- _Provided data_:
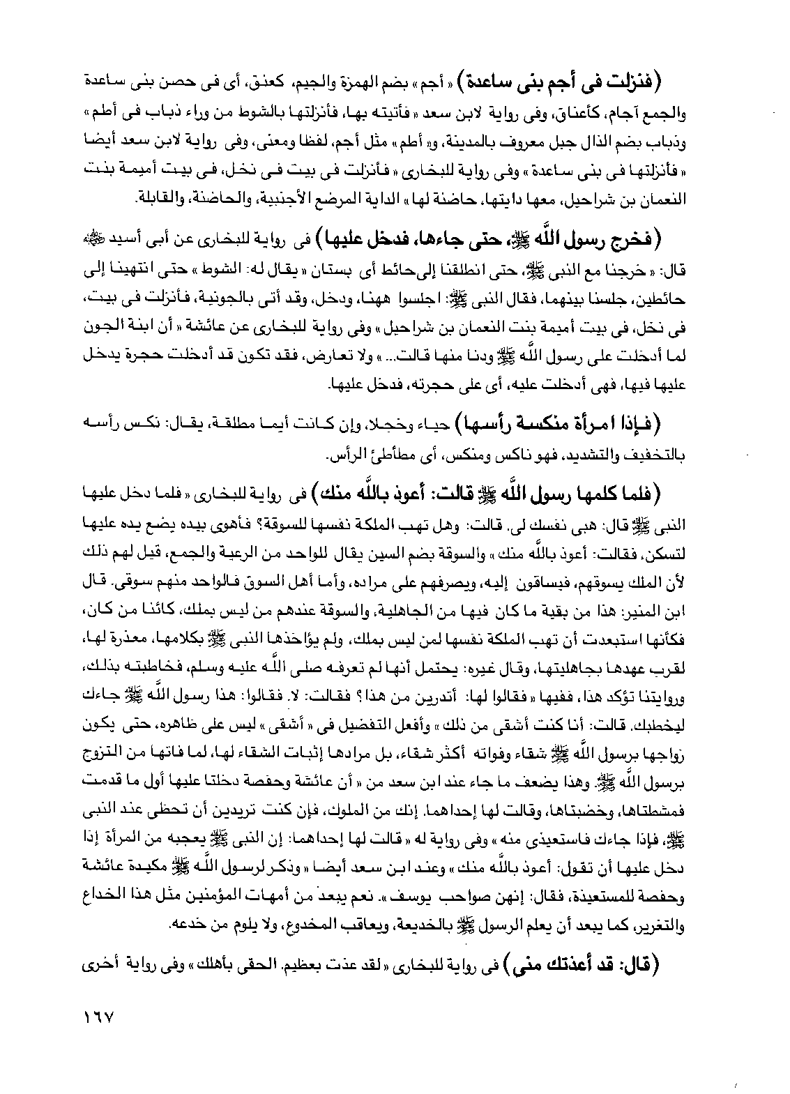 (فنزلت في أجم بني ساعدة) "أجم" بضم الهمزة والجيم، كعنق، أي في حصن بني ساعدة والجمع آجام، كأعناق، وفي رواية لابن سعد "فأتيته بها، فأنزلتها بالشوط من وراء ذباب في أطم" وذباب بضم الذال جبل معروف بالمدينة، و"أطم" مثل أجم، لفظاً ومعنى، وفي رواية لابن سعد أيضاً "فأنزلتها في بني ساعدة" وفي رواية للبخاري "فأنزلت في بيت في نخل، في بيت أميمة بنت النعمان بن شراحيل، معها دايتها، حاضنة لها" الداية المرضع الأجنبية، والحاضنة، والقابلة.
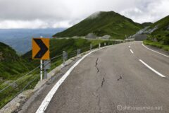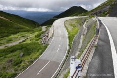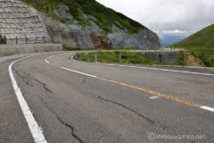 直角カーブを曲がって視界が開けると、烏帽子岳を背景にドーン!と長大なS字ヘアピンカーブの景色が展開する。これはすごい光景だ。山岳展望というより、山を縫うように山と一体化した山岳道路が目を引く。山岳道路の曲線美と言うか、そこを走る爽快感が伝わってくるような景色。一気に下りるのがもったいない。刻んで写真を撮りながら下りてゆく。
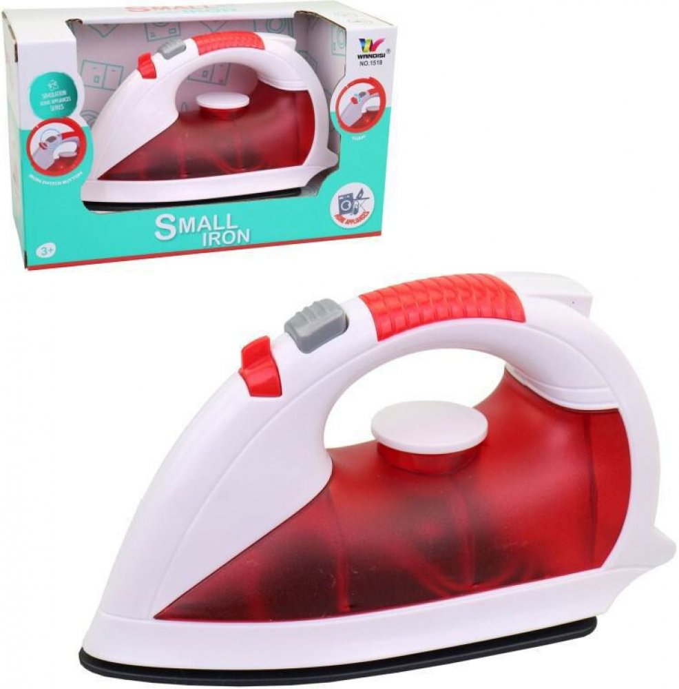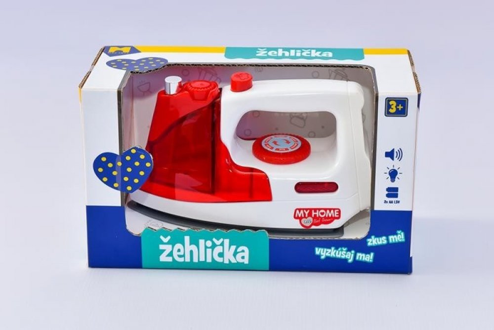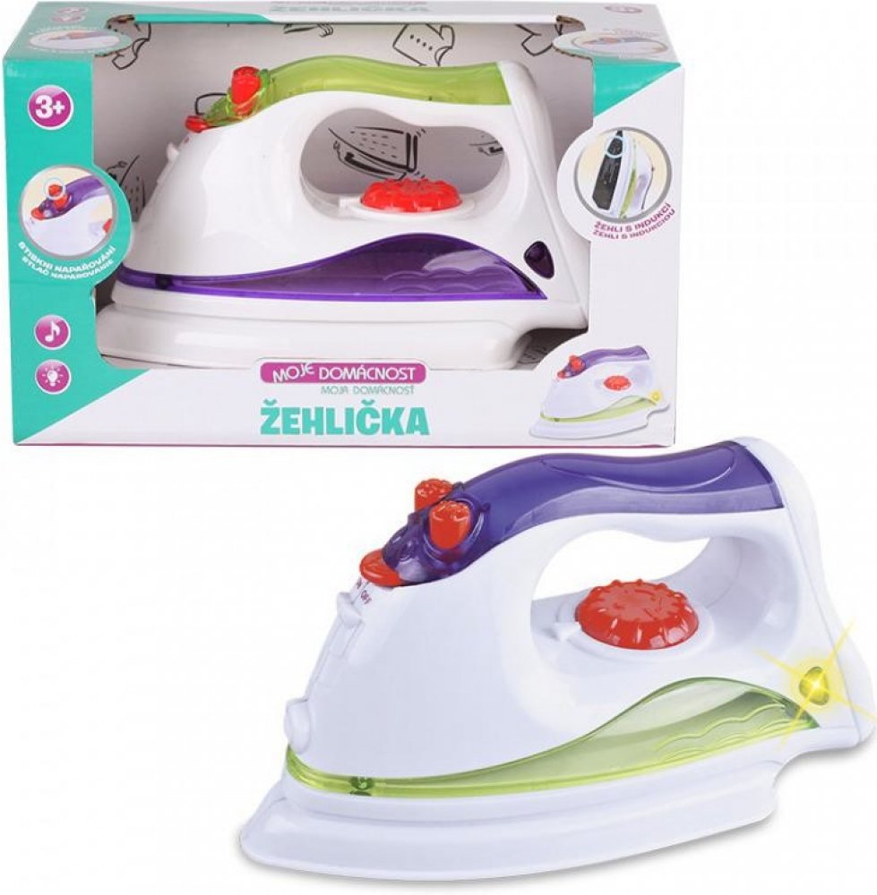 Žehlička má zvukové i světelné efekty. Hračka je dlouhá 17cm.
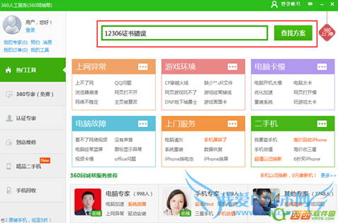 在搜索栏内输入“12306证书错误”,并点击查找方案开始搜索。
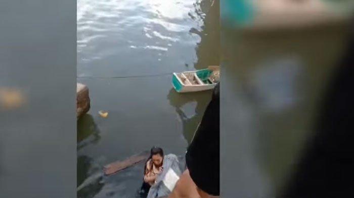 Beruntung, wanita tersebut segera berpegangan pada tali perahu yang tengah bersandar di bawah jembatan.
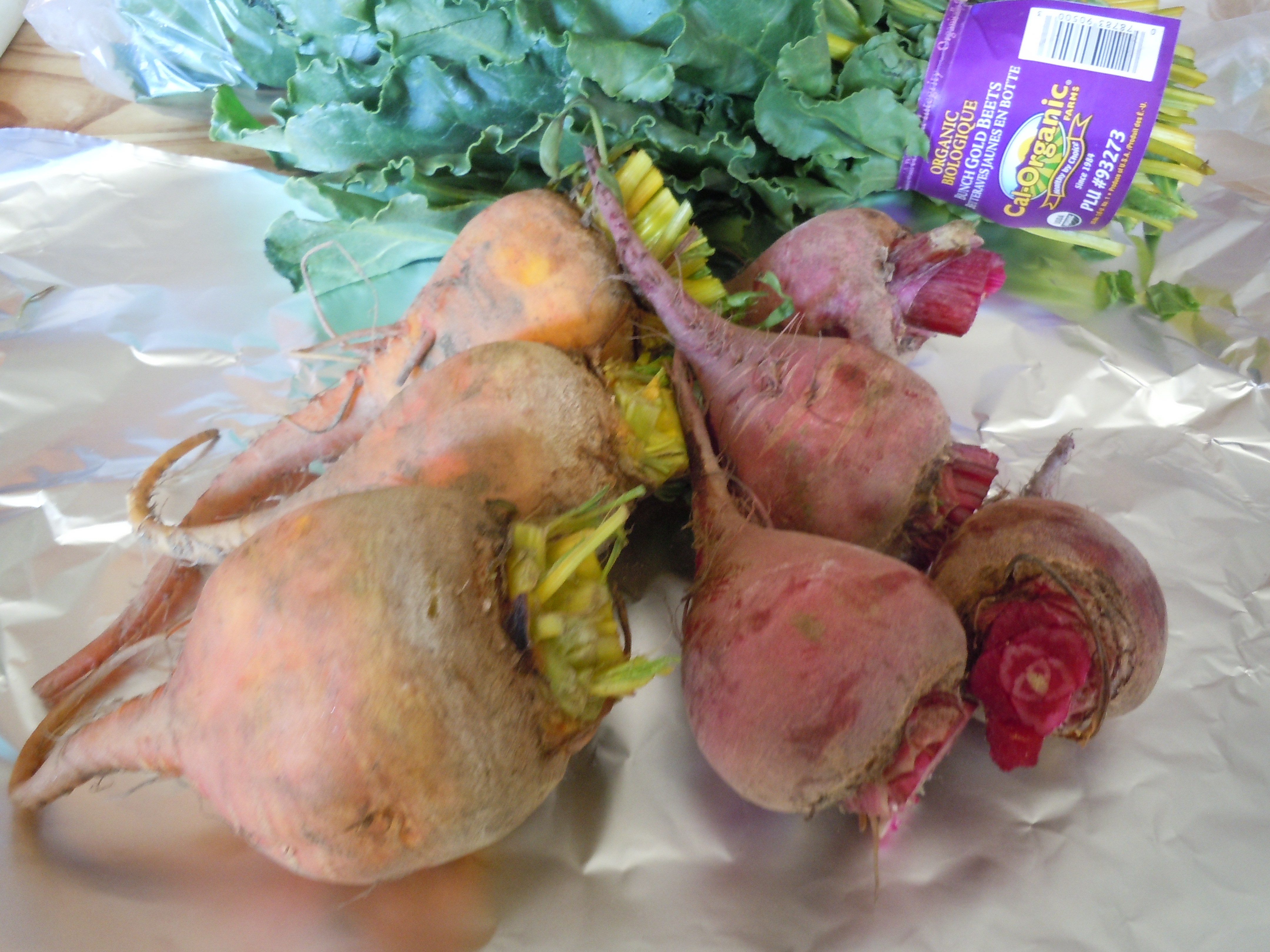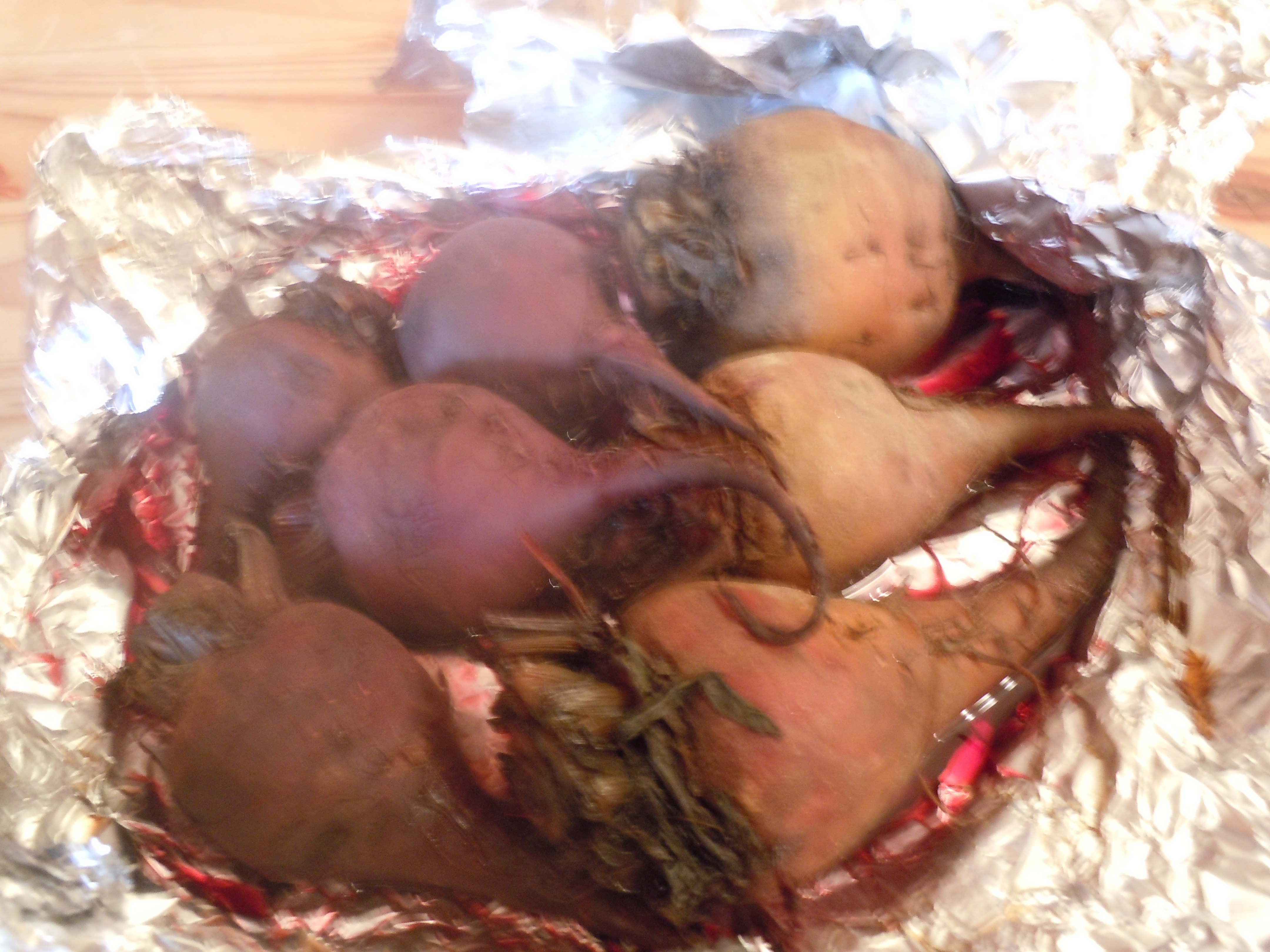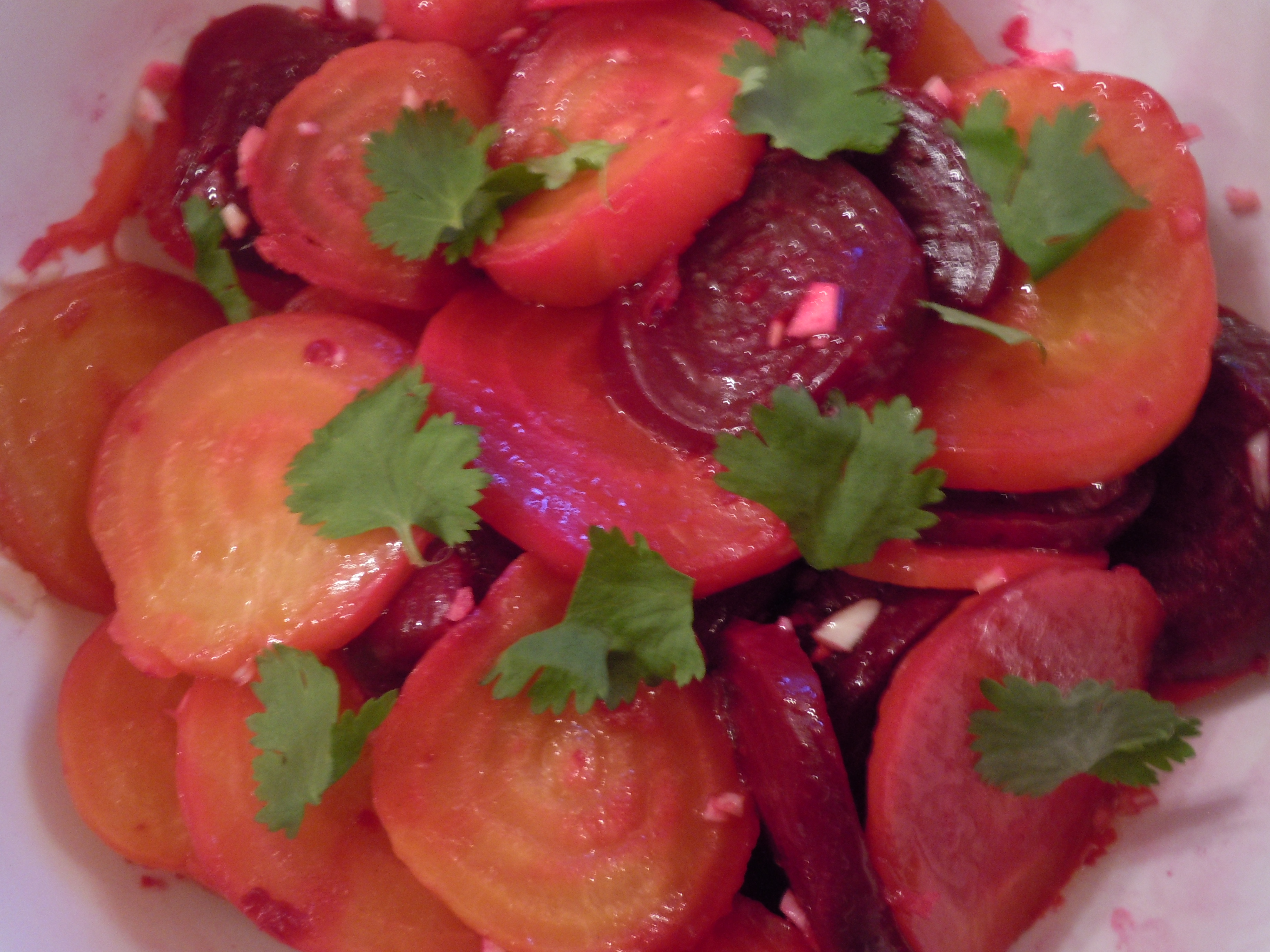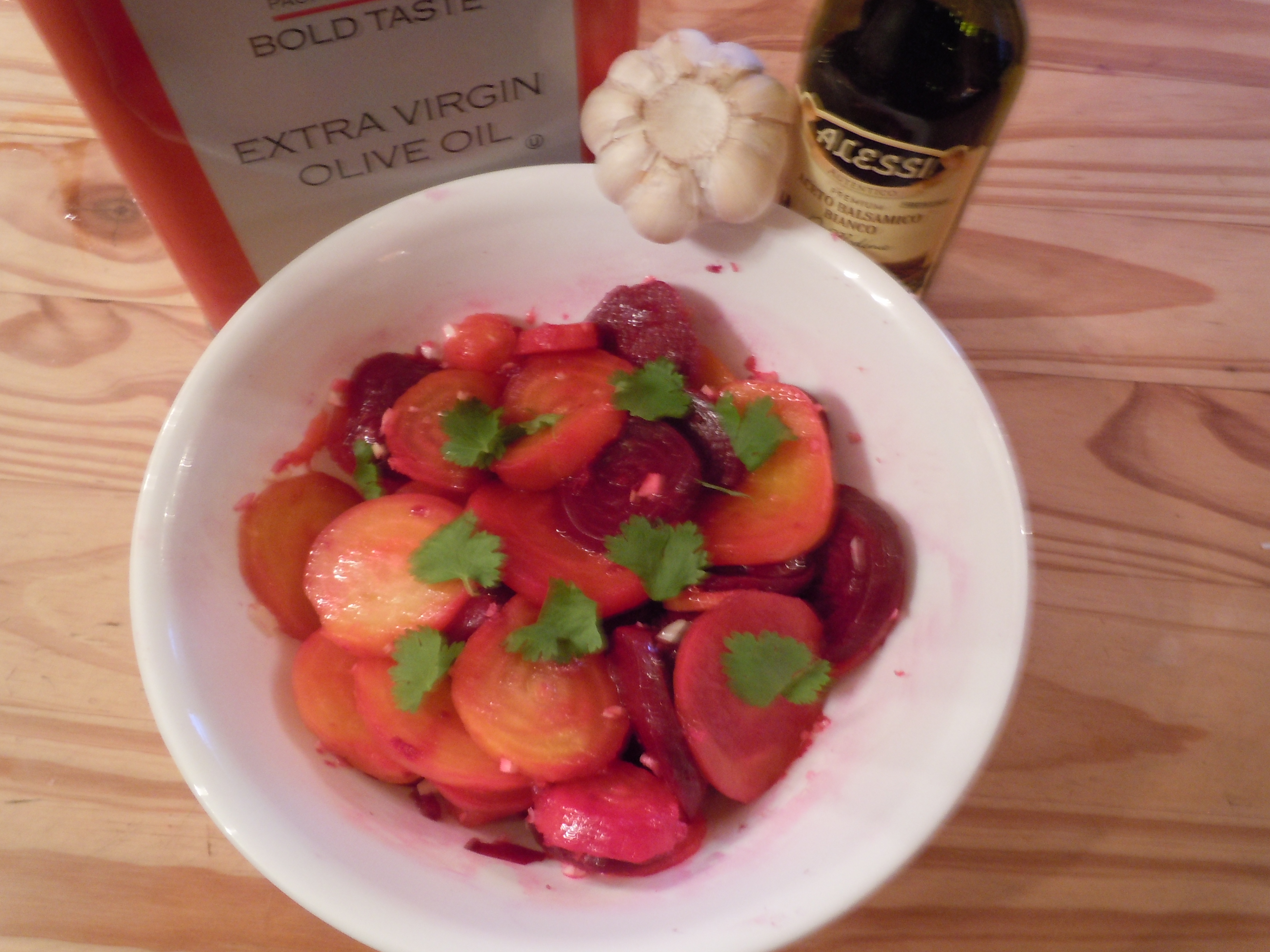 Wrap the beets in foil and roast at 350 for 1.5 hours. Cool slightly, peel and slice. Combine with the oil, vinegar and minced garlic. Let rest while the quinoa cooks. Season to taste with salt and pepper and serve.
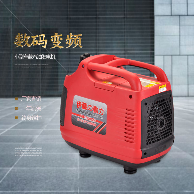 YT1000SM是伊藤1千瓦數碼變頻發電機/伊藤家用1000w汽油發電機1kw數碼機原價為3999現在拿起電話訂購只要3000.真的一難得一見的大促銷活動。所以看到的顧客都要抓緊了,真是時間不等人。1KW的數碼變頻發電機比較適合家用或者房車旅游,特別是現在十一長假,經濟基礎好的顧客,可以買一臺1KW數碼發電機放在房車上。

- _Try it_:
Retype everything in the material word for word, minus pictures.

- _Written answer_:
 (فنزلت في أجم بني ساعدة) "أجم" بضم الهمزة والجيم، كعنق، أي في حصن بني ساعدة والجمع آجام، كأعناق، وفي رواية لابن سعد "فأتيته بها، فأنزلتها بالشوط من وراء ذباب في أطم" وذباب بضم الذال جبل معروف بالمدينة، و"أطم" مثل أجم، لفظاً ومعنى، وفي رواية لابن سعد أيضاً "فأنزلتها في بني ساعدة" وفي رواية للبخاري "فأنزلت في بيت في نخل، في بيت أميمة بنت النعمان بن شراحيل، معها دايتها، حاضنة لها" الداية المرضع الأجنبية، والحاضنة، والقابلة.
 直角カーブを曲がって視界が開けると、烏帽子岳を背景にドーン!と長大なS字ヘアピンカーブの景色が展開する。これはすごい光景だ。山岳展望というより、山を縫うように山と一体化した山岳道路が目を引く。山岳道路の曲線美と言うか、そこを走る爽快感が伝わってくるような景色。一気に下りるのがもったいない。刻んで写真を撮りながら下りてゆく。
 Žehlička má zvukové i světelné efekty. Hračka je dlouhá 17cm.
 在搜索栏内输入“12306证书错误”,并点击查找方案开始搜索。
 Beruntung, wanita tersebut segera berpegangan pada tali perahu yang tengah bersandar di bawah jembatan.
 Wrap the beets in foil and roast at 350 for 1.5 hours. Cool slightly, peel and slice. Combine with the oil, vinegar and minced garlic. Let rest while the quinoa cooks. Season to taste with salt and pepper and serve.
 YT1000SM是伊藤1千瓦數碼變頻發電機/伊藤家用1000w汽油發電機1kw數碼機原價為3999現在拿起電話訂購只要3000.真的一難得一見的大促銷活動。所以看到的顧客都要抓緊了,真是時間不等人。1KW的數碼變頻發電機比較適合家用或者房車旅游,特別是現在十一長假,經濟基礎好的顧客,可以買一臺1KW數碼發電機放在房車上。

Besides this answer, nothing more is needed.